National Aeronautics and Space Administration (NASA) is bringing its latest telescope one step closer to launch, the agency announced on January 6. The colossal gadget named Spectro-Photometer for the History of the Universe, Epoch of Reionization and Ices Explorer (SPHEREx) aims to look for evidence of the Big Bang theory and map the resulting pattern of galaxies. SPHEREx is also tasked to search for water and frozen organic molecules in outer space.
“NASA's upcoming space telescope, the Spectro-Photometer for the History of the Universe, Epoch of Reionization and Ices Explorer, or SPHEREx, is one step closer to launch. The mission has officially entered Phase C, in NASA lingo. That means the agency has approved preliminary design plans for the observatory, and work can begin on creating a final, detailed design, as well as on building the hardware and software,” a statement on NASA’s website read.

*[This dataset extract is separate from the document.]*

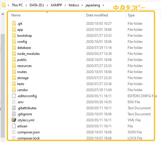上の例だと、Japaslangというサイトの全Laravelデータが入ったフォルダがあり、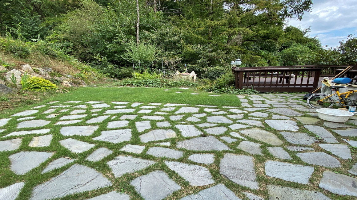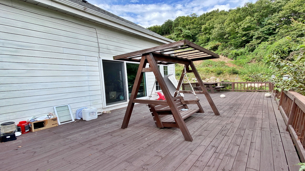 주택 오른쪽으로 데크가 설치되어 있으며 뒤쪽으로는 뒷마당이 있어

According to NASA, the subcompact car-sized telescope is set to launch between June 2024 and April 2025, following which it would embark on its two-year-long journey. During its outer space voyage, the telescope would map the entire sky four times using spectroscopy wherein it would break near-infrared light into its individual wavelengths, or colours, just like a prism breaks sunlight into its component colours. The space agency stated that the data from spectroscopy could reveal what an object is composed of as discrete elements reflect light at different wavelengths. It could also help gauge an object’s distance from planet earth. "That's like going from black-and-white images to colour; it's like going from Kansas to Oz," said Allen Farrington, the SPHEREx project manager at JPL.
The team is working on the development of the space telescope had already completed a “preliminary design review” in October 2020. It was during this period that the team convinced NASA administration that they could turn the dream telescope in a reality. The SPHEREx team is now scheduled to spend 29 months building the mission components before entering the next mission phase, when those components will be brought together, tested, and launched, reads a statement on NASA’s website.